Monday, September 04, 2006


Croc Hunter

I’m going to be blunt. There. That’s my disclaimer. And you might think I’m insensitive, and maybe I am. But let’s just get the air cleared.

The croc hunter is dead. He was stabbed by a stingray, his venomous tail barb penetrating Steve Irwin’s thoractic cavity, through the intercostal muscles and skewering his heart. And although stingrays often jab people (probably when people step on them inadvertently or annoy them enough), people rarely die from their wounds. I imagine, though, that few of these documented punctures are through the heart!

Some may say that the croc hunter had it coming. I know it’s not a nice thing to say about the late great man who simultaneously loved and taunted nature. Some would say he didn’t respect the potential ferocity of wild animals. There is no doubt in my mind that he was passionate about nature and did, in fact, respect all of the world’s creatures.
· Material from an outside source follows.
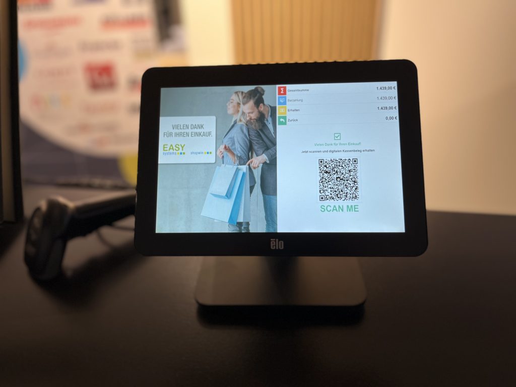 Die Belegausgabepflicht im Rahmen der Kassensicherungsverordnung 2020, kurz KassenSichV, hat im Einzelhandel für großen Unmut geführt. Das Drucken von Kassenbelegen bei Kleinstbeträgen ist kaum praktikabel und zudem wenig umweltfreundlich oder nachhaltig. Um die Papierflut einzudämmen und Ihren Kunden Sie können Ihren Kunden eine moderne und umweltfreundliche Art der Belegausgabe anbieten. In diesem Fall wird zum Ende des Kassiervorganges ein QR-Code auf dem Monitor angezeigt, welchen der Kunde einfach mit dem Smartphone scannt, wodurch er den Beleg auf sein Endgerät lädt. Der Ausdruck des Kassenbons ist dann nicht mehr erforderlich, kann aber per Tastendruck zusätzlich erfolgen.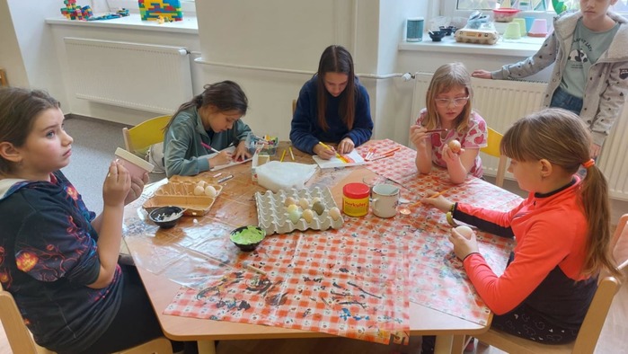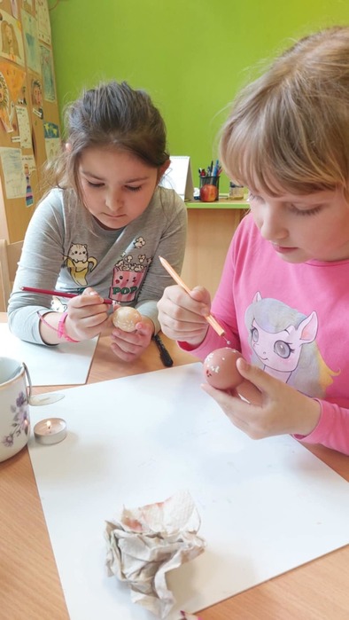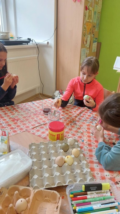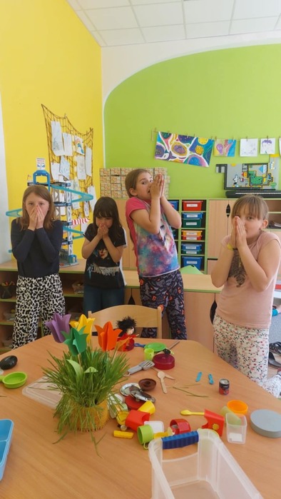 Duben nám přinesl spoustu zajímavých zkušeností. Nejen že jsme si mohli vyzkoušet různé techniky zdobení velikonočních vajíček, ale i dozvědět se o odlišnostech oslav toho svátku v jiných zemích. Děti upletly spoustu věnečků z pampelišek, vyzkoušely si pokusy s jarními květinami, někteří se dokonce naučili pískat pomocí stébla trávy.

I’d say, quite simply, he was a drama queen. He loved to get the adrenaline pumping through his veins; he loved to speak with his arms and get spectators fired up about crocs and gators and lizards and snakes and spiders and deadly oceanic creatures.

So I am going to make an assumption about the late great croc hunter. I don’t think he would have wanted to leave this world quietly in his arm chair with a book on his lap. I think he would have wanted to go in a blaze of glory, embraced by the wild unpredictability that made him as excited as we’ve all seen he can get. Leaving so early in his life is an untimely tragedy, but I think we can all agree that there was nothing typical about this man.

2 comments:

Unknown said...

I loved the Croc Hunter, but as Rob and I have said today, I can't say that I'm surprised that something happened to him...in some ways I think it was just a matter of time...how's that for blunt (and somewhat shameful)

Smakie said...

I'm pretty affected by his death, oddly enough. I grew up watching him and loved how he loved his animals. This was such a stupid way to leave. I thought it was a nightmare when I found out this morning. I feel bad for his family.